Items listed in a dataset

....

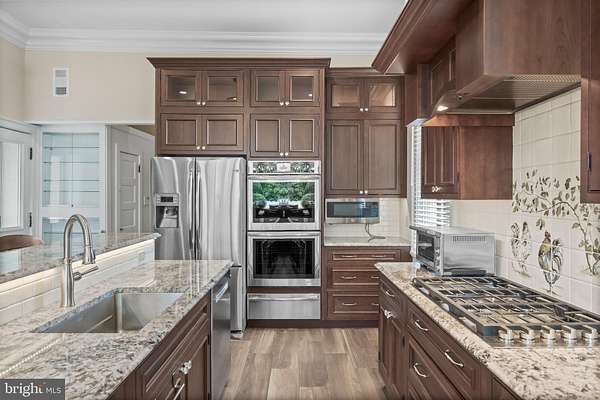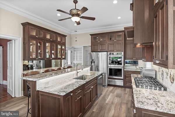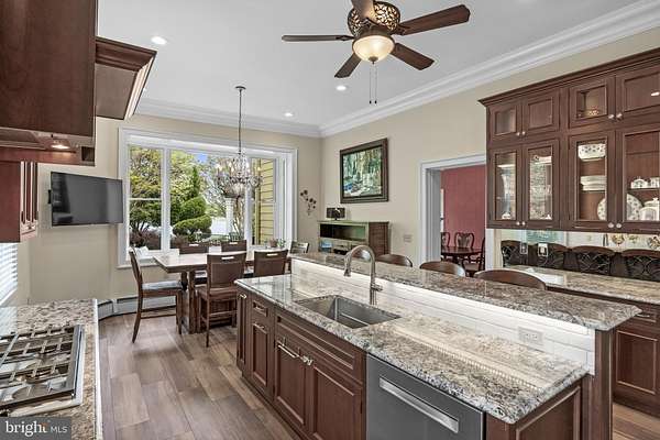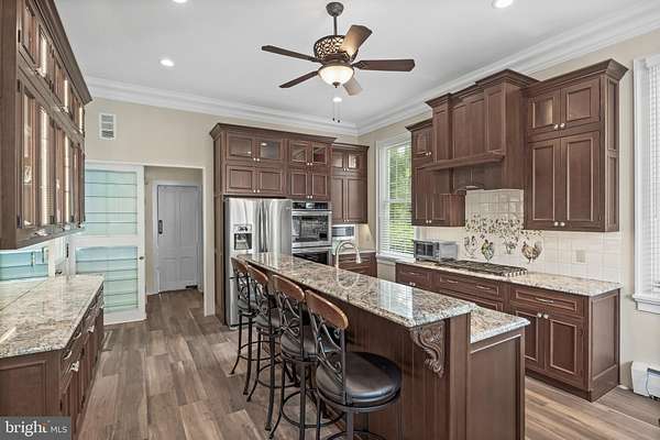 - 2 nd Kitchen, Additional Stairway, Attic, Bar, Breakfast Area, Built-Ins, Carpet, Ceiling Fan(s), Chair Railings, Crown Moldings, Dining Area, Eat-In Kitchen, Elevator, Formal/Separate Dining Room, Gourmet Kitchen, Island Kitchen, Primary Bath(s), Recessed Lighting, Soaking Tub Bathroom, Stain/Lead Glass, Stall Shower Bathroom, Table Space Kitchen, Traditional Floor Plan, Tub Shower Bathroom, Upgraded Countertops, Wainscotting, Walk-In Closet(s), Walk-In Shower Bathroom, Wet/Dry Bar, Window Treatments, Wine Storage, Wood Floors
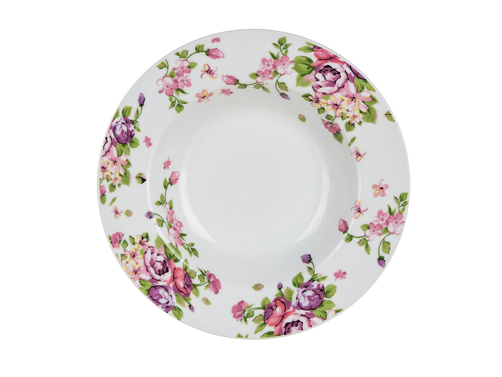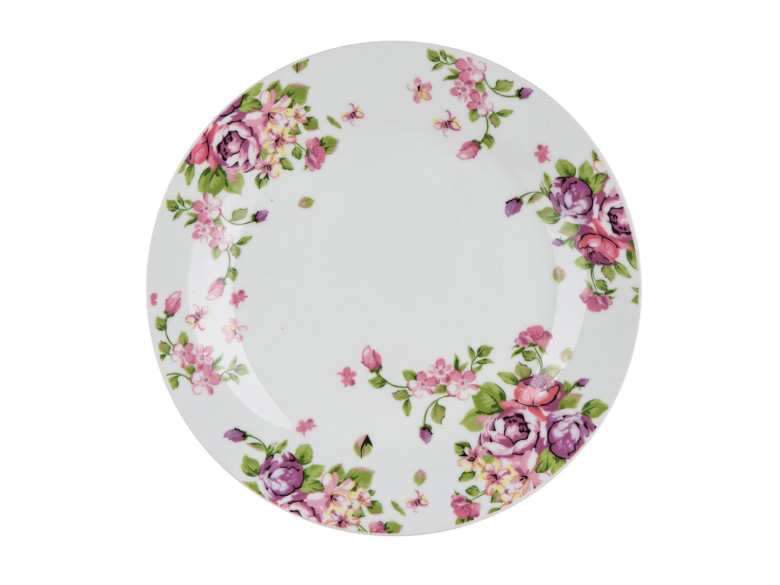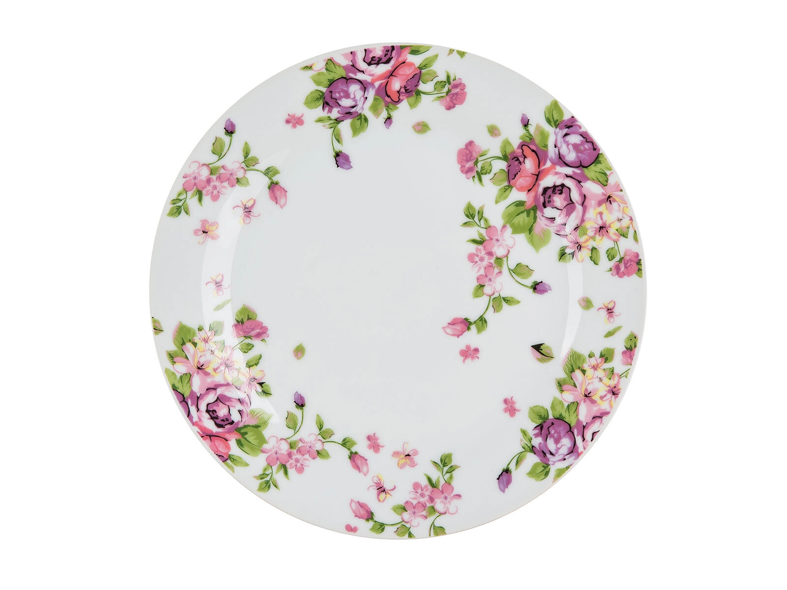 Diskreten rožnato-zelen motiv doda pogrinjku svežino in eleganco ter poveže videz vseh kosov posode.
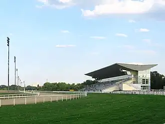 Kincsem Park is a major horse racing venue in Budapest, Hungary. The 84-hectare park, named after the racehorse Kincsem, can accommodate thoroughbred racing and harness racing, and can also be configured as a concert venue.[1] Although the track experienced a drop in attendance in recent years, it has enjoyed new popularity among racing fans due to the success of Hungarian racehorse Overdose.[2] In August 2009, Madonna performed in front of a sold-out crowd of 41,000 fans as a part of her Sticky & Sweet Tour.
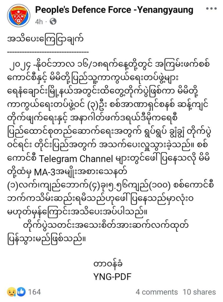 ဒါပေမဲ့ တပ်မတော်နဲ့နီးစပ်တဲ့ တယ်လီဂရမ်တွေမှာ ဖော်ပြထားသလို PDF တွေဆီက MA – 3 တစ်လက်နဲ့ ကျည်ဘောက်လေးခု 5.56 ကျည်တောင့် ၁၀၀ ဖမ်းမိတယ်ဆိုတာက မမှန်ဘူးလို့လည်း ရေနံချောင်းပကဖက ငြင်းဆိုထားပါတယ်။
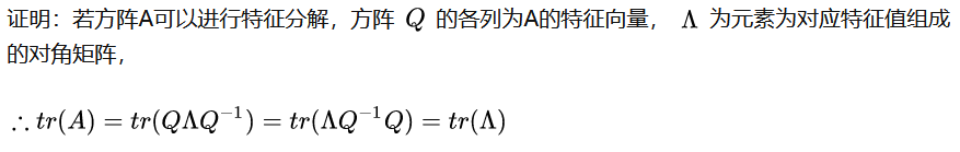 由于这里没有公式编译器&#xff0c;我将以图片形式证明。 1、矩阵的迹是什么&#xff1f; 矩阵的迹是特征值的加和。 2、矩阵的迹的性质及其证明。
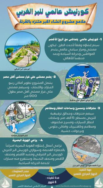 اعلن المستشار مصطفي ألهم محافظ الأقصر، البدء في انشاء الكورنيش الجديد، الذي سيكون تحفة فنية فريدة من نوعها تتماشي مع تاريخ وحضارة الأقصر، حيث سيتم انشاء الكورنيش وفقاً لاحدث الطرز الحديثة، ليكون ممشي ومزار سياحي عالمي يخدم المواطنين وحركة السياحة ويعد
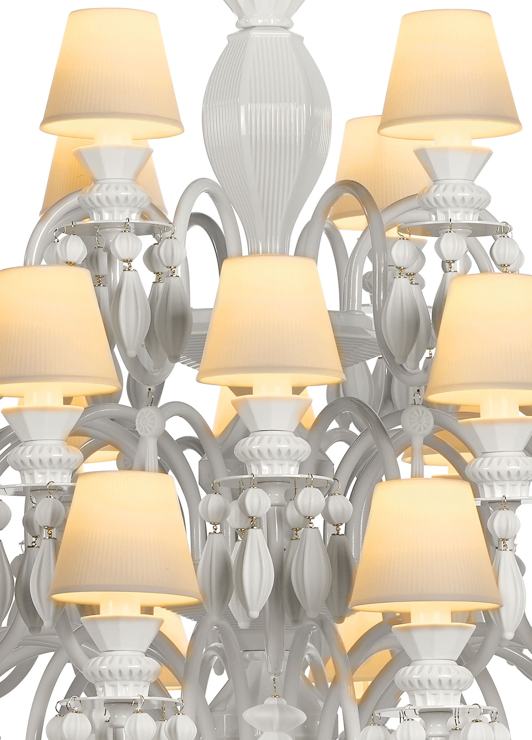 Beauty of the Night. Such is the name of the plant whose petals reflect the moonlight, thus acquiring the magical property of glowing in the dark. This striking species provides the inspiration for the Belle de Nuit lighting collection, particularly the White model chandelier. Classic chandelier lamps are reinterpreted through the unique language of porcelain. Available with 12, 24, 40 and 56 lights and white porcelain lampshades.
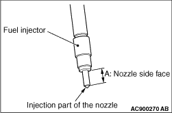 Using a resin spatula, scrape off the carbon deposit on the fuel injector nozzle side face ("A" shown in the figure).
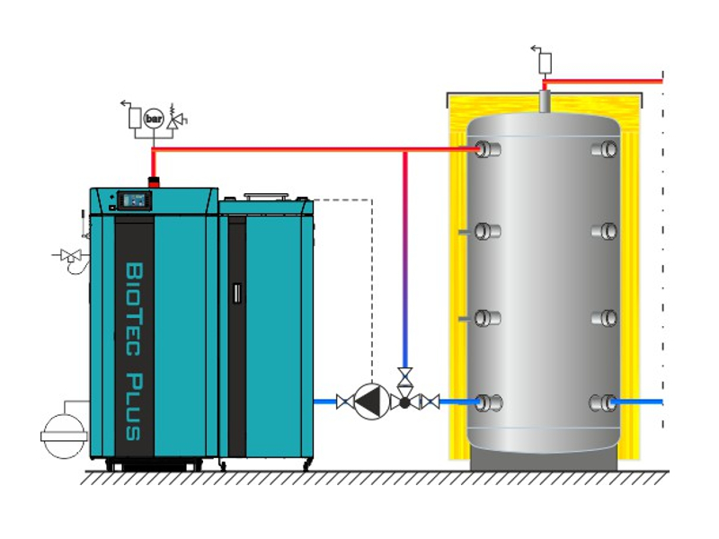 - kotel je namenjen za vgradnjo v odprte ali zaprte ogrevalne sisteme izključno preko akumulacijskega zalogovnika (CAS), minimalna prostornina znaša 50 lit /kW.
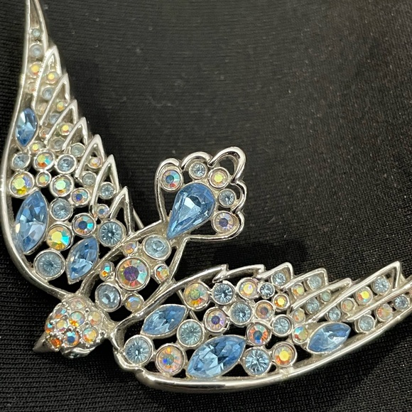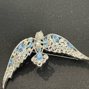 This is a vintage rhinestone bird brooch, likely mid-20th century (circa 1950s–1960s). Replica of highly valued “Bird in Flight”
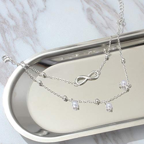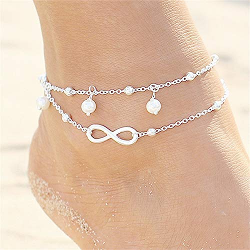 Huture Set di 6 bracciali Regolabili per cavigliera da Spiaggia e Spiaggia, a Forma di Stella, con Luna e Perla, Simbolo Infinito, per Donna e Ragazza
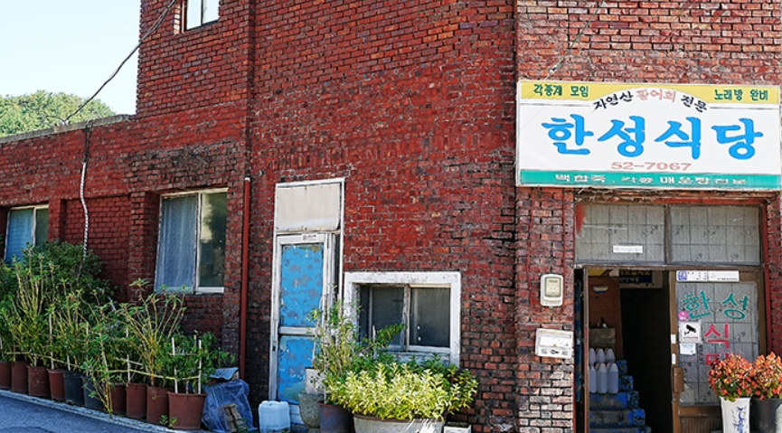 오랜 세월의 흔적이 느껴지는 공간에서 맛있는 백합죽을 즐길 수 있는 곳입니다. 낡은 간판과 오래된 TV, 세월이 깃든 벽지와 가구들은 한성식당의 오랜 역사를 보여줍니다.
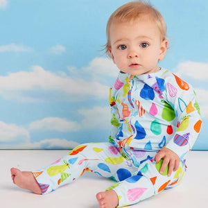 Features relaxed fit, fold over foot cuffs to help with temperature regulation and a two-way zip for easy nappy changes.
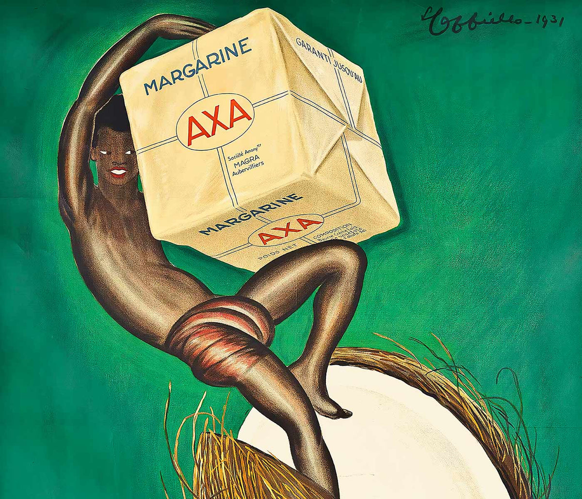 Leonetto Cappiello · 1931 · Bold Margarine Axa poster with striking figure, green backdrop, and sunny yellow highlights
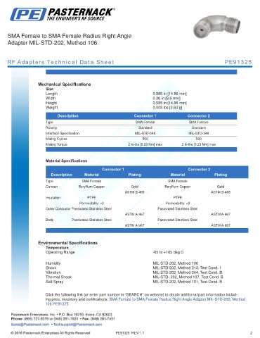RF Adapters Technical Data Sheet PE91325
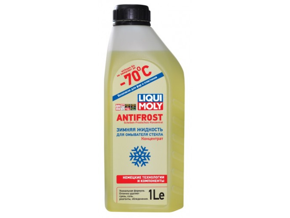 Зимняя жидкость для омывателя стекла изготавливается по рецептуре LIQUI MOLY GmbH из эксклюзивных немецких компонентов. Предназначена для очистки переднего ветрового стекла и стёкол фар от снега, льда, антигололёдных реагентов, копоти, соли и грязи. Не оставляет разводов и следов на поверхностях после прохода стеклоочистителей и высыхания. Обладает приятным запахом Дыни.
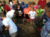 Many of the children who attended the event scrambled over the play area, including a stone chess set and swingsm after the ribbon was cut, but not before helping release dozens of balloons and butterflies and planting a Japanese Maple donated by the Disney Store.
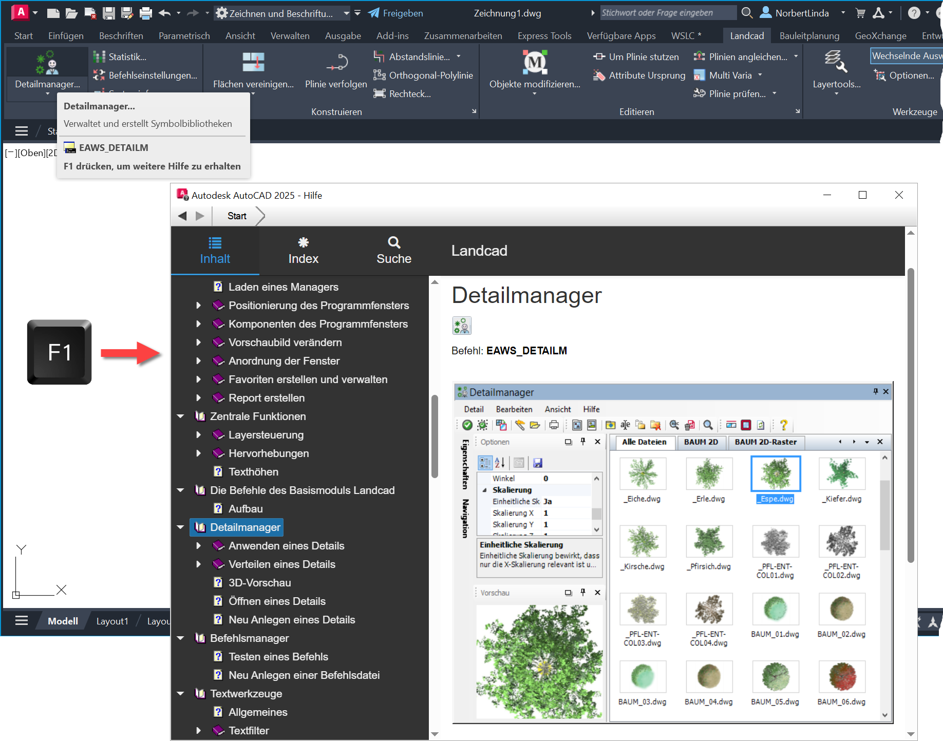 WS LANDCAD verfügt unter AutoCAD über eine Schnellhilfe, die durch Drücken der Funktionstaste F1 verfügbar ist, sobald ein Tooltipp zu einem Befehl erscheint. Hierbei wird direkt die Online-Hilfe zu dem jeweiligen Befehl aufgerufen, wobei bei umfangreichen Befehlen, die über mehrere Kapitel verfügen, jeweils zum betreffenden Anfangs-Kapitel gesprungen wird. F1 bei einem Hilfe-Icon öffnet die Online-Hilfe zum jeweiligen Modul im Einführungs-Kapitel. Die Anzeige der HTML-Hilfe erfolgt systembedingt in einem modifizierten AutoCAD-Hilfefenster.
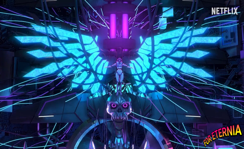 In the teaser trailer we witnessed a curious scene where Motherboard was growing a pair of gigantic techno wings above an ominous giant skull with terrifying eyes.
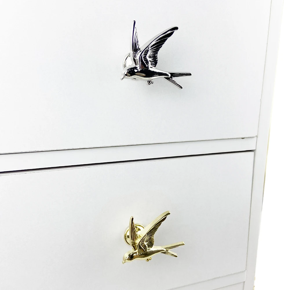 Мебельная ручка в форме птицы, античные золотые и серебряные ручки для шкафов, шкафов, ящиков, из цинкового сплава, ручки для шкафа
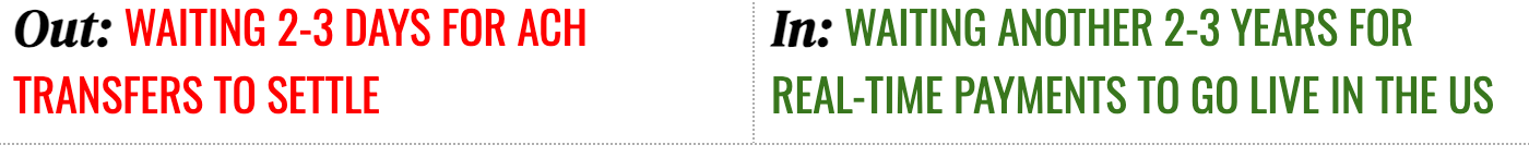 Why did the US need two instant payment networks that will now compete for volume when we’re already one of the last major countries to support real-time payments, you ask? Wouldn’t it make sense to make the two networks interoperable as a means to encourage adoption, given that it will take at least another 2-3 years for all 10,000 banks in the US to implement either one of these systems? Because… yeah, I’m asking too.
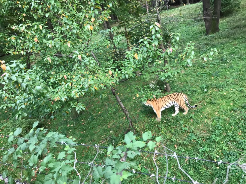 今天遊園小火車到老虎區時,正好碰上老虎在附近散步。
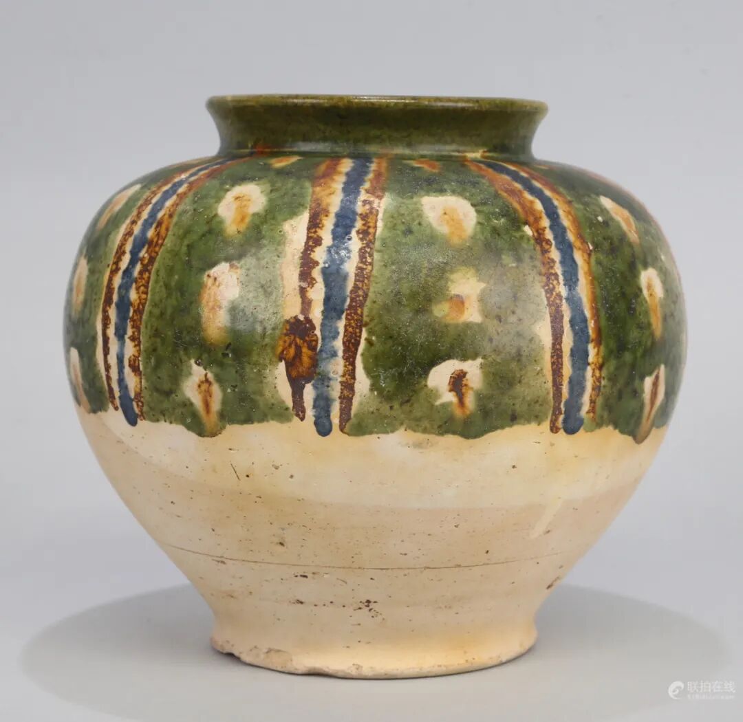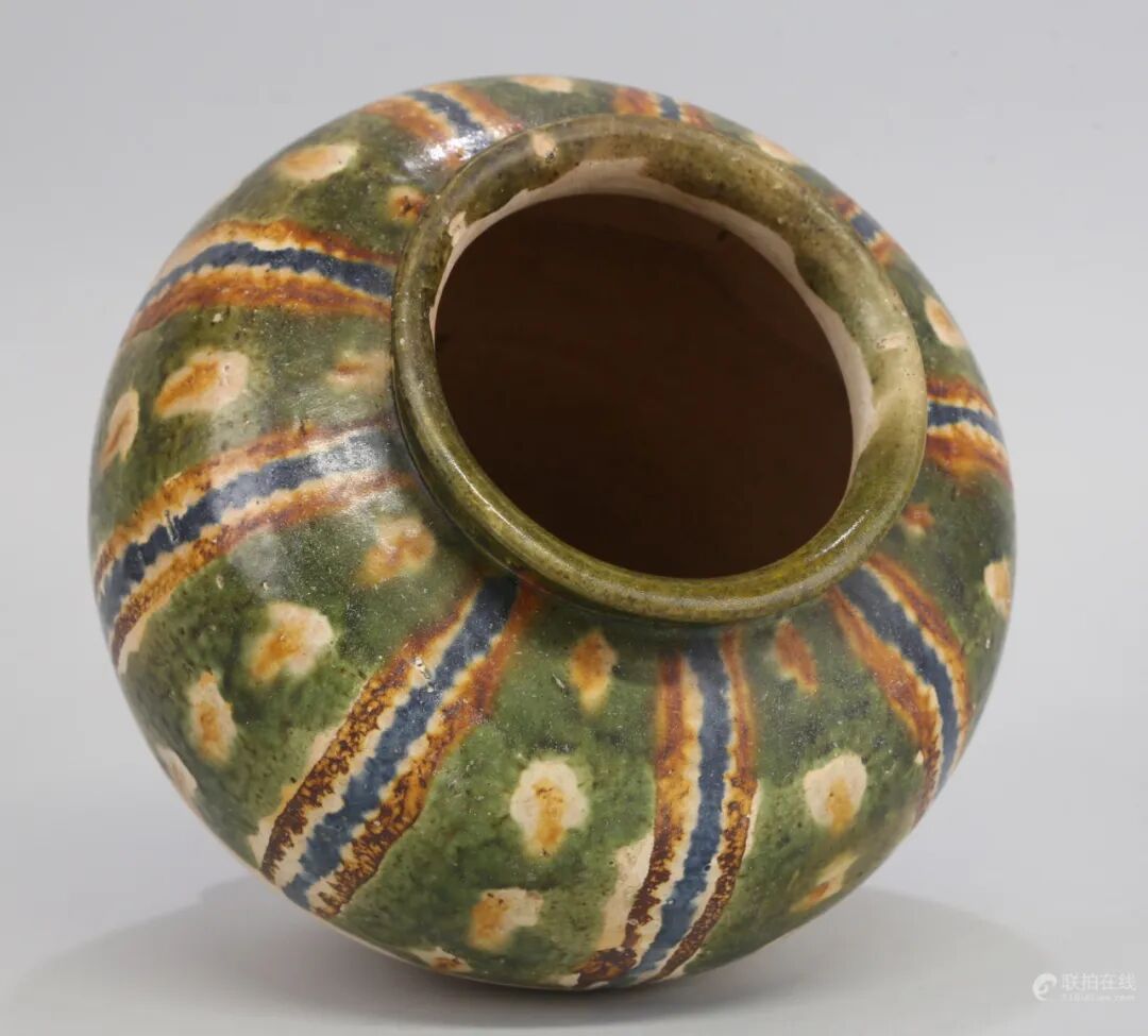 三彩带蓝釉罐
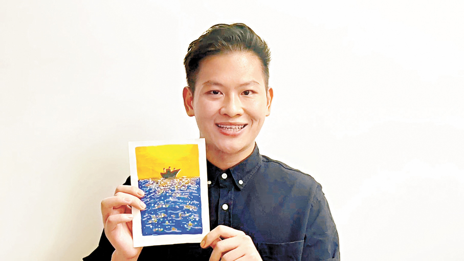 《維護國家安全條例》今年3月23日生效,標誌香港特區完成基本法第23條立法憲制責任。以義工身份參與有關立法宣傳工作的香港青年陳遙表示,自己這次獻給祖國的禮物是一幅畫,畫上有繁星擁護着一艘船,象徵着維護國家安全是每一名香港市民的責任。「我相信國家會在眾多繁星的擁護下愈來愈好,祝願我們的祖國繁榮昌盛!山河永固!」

....

- **Aim of the exercise**: Exactly the lines above from the one that contains "Huture Set di" down to the one that contains "RF Adapters Technical Data Sheet PE91325" are to be output, both ends kept and pictures omitted.

- **Response below**:
 Huture Set di 6 bracciali Regolabili per cavigliera da Spiaggia e Spiaggia, a Forma di Stella, con Luna e Perla, Simbolo Infinito, per Donna e Ragazza
 오랜 세월의 흔적이 느껴지는 공간에서 맛있는 백합죽을 즐길 수 있는 곳입니다. 낡은 간판과 오래된 TV, 세월이 깃든 벽지와 가구들은 한성식당의 오랜 역사를 보여줍니다.
 Features relaxed fit, fold over foot cuffs to help with temperature regulation and a two-way zip for easy nappy changes.
 Leonetto Cappiello · 1931 · Bold Margarine Axa poster with striking figure, green backdrop, and sunny yellow highlights
RF Adapters Technical Data Sheet PE91325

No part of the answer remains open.